A lively pop-science overview of the reasons why we tell stories and why storytelling will endure.
Gottschall (English/Washington & Jefferson Coll.; Literature, Science, and a New Humanities, 2008, etc.) knows that any book about telling stories must be well-written and engaging, and his snapshots of the worlds of psychology, sleep research and virtual reality are larded with sharp anecdotes and jargon-free summaries of current research. His thesis is that humans’ capacity to tell stories isn’t just a curious aspect of our genetic makeup but an essential part of our being: We tell stories—in fiction, in daydreams, in nightmares—as ways to understand and work through conflicts, the better to be prepared when those conflicts arise in reality. To that end, novels are usually “problem stories” that have strong moral underpinnings. That also helps explain why there are so many fake memoirs, he argues—the instinct to give a conflict-and-resolution arc to stories leads many memoirists to tweak (and even invent) details to fit the pattern.

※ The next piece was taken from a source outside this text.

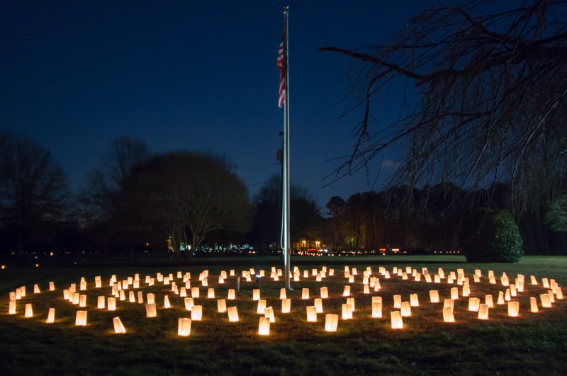 This FREE event can be experienced from the comfort of your own car. Enter the beautifully landscaped grounds for an approximate 1 mile drive through the park. Over 2,000 luminaries will border both sides of the park’s main loop for a gorgeous visual memorial.

Gottschall uses research into mental illness as a way to explore the intensity of our narrative urge, and he explores how imagined characters can have a real-life impact. (Consider Hitler’s obsession with Wagner operas, or the influence of Uncle Tom’s Cabin on abolition.) Though novels may change or become less popular, writes the author, the instinct for story is deathless, and his closing pages explore recent phenomena like live-action role-playing and massive multiplayer games for hints of what future storytelling will become. Is World of Warcraft better or worse for our brains than novels? Is violent storytelling a cause for concern? The author discusses such concerns only glancingly. For him, one kind of storytelling is largely as good as any other, but he convincingly argues that story goes on.
Gottschall brings a light touch to knotty psychological matters, and he’s a fine storyteller himself.